What you are asked to do.
Below are the entries. Print only the lines starting at the one with "10月20日 マハゼ調査 ・岬の息子。" and ending at the one with "Tallahassee Florida rosa", exactly, with no pictures.

Exercise materials.
>>>>

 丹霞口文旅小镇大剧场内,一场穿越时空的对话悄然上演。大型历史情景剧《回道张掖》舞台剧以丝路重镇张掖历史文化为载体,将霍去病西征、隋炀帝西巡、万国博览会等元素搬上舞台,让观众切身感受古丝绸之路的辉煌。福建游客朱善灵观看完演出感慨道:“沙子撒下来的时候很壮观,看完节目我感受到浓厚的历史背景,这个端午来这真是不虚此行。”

<<<<
>>>>

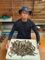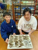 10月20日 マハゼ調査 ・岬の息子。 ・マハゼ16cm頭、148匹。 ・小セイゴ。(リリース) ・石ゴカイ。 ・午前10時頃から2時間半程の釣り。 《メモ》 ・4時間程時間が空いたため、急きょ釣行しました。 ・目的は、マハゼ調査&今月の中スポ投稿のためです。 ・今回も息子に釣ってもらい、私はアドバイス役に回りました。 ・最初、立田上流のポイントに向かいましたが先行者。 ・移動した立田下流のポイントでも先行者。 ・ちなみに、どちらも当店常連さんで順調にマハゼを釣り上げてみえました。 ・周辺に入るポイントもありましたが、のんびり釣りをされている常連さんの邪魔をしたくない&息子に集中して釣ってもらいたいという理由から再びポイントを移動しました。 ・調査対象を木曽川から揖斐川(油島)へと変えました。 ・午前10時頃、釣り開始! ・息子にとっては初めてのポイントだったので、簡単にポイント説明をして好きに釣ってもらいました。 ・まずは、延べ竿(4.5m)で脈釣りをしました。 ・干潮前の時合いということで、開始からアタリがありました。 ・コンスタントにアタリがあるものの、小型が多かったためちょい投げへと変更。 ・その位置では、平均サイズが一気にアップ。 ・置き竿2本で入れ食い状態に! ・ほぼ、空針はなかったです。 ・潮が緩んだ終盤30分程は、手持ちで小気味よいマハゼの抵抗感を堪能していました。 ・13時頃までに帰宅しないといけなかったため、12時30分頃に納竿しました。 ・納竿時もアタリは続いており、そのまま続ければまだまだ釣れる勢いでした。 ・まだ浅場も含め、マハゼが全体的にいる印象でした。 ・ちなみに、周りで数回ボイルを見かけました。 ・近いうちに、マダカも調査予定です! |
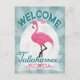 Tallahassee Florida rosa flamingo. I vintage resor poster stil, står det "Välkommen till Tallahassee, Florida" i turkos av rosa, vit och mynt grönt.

<<<<

Reply to the exercise.
 10月20日 マハゼ調査 ・岬の息子。 ・マハゼ16cm頭、148匹。 ・小セイゴ。(リリース) ・石ゴカイ。 ・午前10時頃から2時間半程の釣り。 《メモ》 ・4時間程時間が空いたため、急きょ釣行しました。 ・目的は、マハゼ調査&今月の中スポ投稿のためです。 ・今回も息子に釣ってもらい、私はアドバイス役に回りました。 ・最初、立田上流のポイントに向かいましたが先行者。 ・移動した立田下流のポイントでも先行者。 ・ちなみに、どちらも当店常連さんで順調にマハゼを釣り上げてみえました。 ・周辺に入るポイントもありましたが、のんびり釣りをされている常連さんの邪魔をしたくない&息子に集中して釣ってもらいたいという理由から再びポイントを移動しました。 ・調査対象を木曽川から揖斐川(油島)へと変えました。 ・午前10時頃、釣り開始! ・息子にとっては初めてのポイントだったので、簡単にポイント説明をして好きに釣ってもらいました。 ・まずは、延べ竿(4.5m)で脈釣りをしました。 ・干潮前の時合いということで、開始からアタリがありました。 ・コンスタントにアタリがあるものの、小型が多かったためちょい投げへと変更。 ・その位置では、平均サイズが一気にアップ。 ・置き竿2本で入れ食い状態に! ・ほぼ、空針はなかったです。 ・潮が緩んだ終盤30分程は、手持ちで小気味よいマハゼの抵抗感を堪能していました。 ・13時頃までに帰宅しないといけなかったため、12時30分頃に納竿しました。 ・納竿時もアタリは続いており、そのまま続ければまだまだ釣れる勢いでした。 ・まだ浅場も含め、マハゼが全体的にいる印象でした。 ・ちなみに、周りで数回ボイルを見かけました。 ・近いうちに、マダカも調査予定です! |
 Tallahassee Florida rosa flamingo. I vintage resor poster stil, står det "Välkommen till Tallahassee, Florida" i turkos av rosa, vit och mynt grönt.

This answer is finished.